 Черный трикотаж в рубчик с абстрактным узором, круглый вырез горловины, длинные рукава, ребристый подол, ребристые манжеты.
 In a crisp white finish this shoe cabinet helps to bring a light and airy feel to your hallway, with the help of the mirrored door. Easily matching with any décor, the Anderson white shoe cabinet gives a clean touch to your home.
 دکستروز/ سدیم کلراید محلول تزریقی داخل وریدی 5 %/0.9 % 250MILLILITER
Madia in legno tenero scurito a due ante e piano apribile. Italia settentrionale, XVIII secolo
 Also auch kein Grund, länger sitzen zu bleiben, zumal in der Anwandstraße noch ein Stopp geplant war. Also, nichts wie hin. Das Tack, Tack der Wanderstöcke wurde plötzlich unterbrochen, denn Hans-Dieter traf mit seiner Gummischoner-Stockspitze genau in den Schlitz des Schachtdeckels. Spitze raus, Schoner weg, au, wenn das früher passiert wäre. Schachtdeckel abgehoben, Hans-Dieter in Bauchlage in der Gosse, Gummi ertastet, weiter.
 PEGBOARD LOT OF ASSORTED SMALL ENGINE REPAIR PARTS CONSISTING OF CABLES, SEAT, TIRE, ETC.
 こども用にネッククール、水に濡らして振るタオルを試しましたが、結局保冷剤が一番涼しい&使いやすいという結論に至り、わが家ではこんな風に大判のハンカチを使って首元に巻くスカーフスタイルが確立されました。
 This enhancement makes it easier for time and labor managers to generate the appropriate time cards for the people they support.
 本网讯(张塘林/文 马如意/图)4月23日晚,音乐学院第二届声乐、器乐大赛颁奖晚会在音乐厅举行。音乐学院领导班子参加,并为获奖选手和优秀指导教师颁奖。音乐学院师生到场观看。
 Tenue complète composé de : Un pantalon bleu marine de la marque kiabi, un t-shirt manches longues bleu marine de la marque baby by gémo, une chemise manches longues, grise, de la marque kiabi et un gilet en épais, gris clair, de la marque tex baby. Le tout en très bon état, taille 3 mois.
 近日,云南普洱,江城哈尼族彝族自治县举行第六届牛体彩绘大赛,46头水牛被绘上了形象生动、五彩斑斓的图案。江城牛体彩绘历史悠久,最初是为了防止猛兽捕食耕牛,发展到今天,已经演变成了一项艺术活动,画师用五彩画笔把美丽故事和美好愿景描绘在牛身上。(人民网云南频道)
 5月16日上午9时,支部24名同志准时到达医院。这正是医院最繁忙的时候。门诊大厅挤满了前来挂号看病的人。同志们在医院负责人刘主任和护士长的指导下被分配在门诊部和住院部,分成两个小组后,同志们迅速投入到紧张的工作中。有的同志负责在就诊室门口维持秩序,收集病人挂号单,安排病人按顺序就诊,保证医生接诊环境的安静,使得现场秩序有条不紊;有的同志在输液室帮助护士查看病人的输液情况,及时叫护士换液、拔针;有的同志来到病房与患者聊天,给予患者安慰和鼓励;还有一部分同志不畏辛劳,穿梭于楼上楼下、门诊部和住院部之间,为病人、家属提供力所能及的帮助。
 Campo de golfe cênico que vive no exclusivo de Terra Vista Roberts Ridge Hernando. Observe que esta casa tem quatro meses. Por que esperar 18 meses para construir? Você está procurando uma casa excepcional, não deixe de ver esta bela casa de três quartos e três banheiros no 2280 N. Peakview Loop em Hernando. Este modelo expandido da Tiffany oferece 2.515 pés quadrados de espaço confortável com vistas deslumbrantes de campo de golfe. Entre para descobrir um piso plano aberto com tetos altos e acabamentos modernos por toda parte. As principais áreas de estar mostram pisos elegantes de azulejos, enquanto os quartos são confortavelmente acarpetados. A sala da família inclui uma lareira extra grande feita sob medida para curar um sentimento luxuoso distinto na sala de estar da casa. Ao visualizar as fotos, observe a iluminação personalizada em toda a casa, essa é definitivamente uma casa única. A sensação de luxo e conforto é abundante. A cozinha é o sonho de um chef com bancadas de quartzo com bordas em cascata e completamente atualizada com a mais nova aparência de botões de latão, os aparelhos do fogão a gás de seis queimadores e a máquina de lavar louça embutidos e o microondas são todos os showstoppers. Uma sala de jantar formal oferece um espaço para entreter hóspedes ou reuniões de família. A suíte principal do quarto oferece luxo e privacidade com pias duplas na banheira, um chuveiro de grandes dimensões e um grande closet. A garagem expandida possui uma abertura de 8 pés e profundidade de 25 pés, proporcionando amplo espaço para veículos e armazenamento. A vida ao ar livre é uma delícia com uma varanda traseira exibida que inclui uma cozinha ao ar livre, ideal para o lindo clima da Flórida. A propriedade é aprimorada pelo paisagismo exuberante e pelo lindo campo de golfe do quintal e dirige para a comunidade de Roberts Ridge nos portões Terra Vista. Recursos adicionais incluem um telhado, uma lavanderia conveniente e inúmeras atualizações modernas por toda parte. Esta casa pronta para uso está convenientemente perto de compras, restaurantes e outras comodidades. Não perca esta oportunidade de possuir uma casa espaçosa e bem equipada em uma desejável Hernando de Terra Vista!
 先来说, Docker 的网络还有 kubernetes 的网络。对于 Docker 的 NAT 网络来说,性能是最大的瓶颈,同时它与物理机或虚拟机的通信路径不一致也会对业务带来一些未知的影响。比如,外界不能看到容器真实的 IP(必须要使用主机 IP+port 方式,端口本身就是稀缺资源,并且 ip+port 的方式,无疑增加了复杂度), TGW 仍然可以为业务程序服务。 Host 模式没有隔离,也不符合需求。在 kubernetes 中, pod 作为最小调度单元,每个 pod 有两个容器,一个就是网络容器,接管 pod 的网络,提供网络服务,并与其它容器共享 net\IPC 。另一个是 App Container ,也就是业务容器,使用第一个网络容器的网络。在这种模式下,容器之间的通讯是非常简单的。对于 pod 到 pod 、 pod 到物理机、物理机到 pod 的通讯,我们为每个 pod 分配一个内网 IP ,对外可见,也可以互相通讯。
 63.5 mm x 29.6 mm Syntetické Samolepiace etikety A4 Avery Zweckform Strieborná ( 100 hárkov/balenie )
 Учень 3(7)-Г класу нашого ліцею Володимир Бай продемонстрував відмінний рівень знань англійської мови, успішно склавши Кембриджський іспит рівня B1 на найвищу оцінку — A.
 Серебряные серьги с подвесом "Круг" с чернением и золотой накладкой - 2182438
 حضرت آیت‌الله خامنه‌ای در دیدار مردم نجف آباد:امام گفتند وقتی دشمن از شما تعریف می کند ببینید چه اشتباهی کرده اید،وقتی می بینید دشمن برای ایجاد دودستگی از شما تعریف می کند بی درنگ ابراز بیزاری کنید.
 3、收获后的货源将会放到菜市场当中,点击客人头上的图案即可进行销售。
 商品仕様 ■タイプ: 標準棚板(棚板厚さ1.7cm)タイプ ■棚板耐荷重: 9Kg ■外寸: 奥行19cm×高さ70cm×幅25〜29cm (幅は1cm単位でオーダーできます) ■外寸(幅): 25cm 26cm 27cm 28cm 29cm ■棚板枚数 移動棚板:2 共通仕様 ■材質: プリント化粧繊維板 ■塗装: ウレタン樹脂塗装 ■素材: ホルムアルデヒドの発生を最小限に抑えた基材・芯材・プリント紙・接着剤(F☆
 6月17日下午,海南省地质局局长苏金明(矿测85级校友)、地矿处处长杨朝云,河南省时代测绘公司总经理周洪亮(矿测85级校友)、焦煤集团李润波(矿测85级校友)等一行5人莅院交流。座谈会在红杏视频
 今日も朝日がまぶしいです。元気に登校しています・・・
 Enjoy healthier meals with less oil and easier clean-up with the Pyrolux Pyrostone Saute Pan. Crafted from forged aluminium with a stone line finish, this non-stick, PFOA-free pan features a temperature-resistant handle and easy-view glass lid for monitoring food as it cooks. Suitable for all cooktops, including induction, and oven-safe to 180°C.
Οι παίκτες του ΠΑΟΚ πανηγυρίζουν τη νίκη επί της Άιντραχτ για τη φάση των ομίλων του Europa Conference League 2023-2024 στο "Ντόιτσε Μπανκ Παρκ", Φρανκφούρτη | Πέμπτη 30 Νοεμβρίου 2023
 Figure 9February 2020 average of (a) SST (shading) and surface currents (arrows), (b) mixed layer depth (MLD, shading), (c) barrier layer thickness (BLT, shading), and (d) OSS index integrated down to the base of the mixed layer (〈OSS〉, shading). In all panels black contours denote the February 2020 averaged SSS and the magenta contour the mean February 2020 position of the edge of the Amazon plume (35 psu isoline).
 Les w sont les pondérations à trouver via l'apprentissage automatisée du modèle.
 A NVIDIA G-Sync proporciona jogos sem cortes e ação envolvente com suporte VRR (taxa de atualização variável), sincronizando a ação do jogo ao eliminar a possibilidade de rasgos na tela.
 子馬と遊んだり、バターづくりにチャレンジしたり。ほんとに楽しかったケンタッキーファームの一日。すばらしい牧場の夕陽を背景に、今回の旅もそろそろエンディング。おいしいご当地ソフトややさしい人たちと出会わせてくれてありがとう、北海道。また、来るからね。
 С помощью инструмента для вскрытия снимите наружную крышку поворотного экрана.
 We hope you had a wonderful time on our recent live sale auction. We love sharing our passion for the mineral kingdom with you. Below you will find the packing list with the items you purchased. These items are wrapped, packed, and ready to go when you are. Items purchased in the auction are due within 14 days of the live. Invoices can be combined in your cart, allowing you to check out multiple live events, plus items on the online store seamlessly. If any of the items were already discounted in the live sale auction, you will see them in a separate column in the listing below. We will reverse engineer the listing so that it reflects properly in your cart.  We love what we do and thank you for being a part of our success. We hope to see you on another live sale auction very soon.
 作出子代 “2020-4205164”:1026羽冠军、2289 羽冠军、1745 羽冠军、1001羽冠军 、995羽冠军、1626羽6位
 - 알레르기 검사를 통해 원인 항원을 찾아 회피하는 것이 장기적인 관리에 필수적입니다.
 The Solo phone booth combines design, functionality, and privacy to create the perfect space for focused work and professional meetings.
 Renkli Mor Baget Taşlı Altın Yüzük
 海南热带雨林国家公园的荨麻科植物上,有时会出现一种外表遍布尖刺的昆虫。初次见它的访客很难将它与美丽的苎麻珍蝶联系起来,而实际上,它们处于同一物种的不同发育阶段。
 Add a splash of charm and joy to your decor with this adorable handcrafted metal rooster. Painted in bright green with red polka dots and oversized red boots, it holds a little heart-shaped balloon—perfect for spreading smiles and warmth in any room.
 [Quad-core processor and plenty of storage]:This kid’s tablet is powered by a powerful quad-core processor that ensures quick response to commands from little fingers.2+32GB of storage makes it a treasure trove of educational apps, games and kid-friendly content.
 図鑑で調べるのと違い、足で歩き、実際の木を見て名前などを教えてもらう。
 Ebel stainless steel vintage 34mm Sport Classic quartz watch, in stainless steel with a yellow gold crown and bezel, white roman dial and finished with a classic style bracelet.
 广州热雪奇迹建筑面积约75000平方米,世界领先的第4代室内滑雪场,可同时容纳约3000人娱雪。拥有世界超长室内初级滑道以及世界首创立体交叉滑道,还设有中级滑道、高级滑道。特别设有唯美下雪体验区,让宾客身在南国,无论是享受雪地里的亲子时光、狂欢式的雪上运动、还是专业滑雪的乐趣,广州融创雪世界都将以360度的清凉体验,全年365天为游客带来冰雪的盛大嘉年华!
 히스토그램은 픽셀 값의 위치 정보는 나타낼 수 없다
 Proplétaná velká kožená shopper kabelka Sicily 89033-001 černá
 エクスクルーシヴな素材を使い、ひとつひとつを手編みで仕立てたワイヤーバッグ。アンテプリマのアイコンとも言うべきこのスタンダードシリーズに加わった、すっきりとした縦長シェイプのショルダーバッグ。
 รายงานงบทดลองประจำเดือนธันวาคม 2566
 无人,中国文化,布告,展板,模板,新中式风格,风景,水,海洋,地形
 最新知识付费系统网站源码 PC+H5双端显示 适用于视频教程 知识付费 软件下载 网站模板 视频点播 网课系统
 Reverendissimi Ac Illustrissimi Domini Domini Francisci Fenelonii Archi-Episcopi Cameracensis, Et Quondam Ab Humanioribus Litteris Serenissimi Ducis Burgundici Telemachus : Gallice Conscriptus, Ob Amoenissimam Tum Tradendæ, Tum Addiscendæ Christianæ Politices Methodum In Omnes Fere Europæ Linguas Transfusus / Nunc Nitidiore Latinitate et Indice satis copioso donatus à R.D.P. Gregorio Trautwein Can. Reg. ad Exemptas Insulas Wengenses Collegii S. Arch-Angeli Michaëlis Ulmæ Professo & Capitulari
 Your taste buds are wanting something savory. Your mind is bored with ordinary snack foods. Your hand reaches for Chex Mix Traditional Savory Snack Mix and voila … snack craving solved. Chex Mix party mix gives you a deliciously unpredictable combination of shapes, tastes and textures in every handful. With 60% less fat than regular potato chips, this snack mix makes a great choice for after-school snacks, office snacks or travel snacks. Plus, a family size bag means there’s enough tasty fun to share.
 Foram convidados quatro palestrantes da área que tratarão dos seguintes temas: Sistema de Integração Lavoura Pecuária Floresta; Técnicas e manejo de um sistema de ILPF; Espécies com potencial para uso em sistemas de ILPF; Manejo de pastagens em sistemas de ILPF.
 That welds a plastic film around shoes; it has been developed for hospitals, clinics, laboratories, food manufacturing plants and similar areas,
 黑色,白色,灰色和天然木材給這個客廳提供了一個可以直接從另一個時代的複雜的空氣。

→ **ABOUT THIS EXERCISE**: Quote exactly the lines running from the start of the listing above through the line where "دکستروز/ سدیم کلراید" is found, and output no other lines.

→ **ANSWER AREA**:
 Черный трикотаж в рубчик с абстрактным узором, круглый вырез горловины, длинные рукава, ребристый подол, ребристые манжеты.
 In a crisp white finish this shoe cabinet helps to bring a light and airy feel to your hallway, with the help of the mirrored door. Easily matching with any décor, the Anderson white shoe cabinet gives a clean touch to your home.
 دکستروز/ سدیم کلراید محلول تزریقی داخل وریدی 5 %/0.9 % 250MILLILITER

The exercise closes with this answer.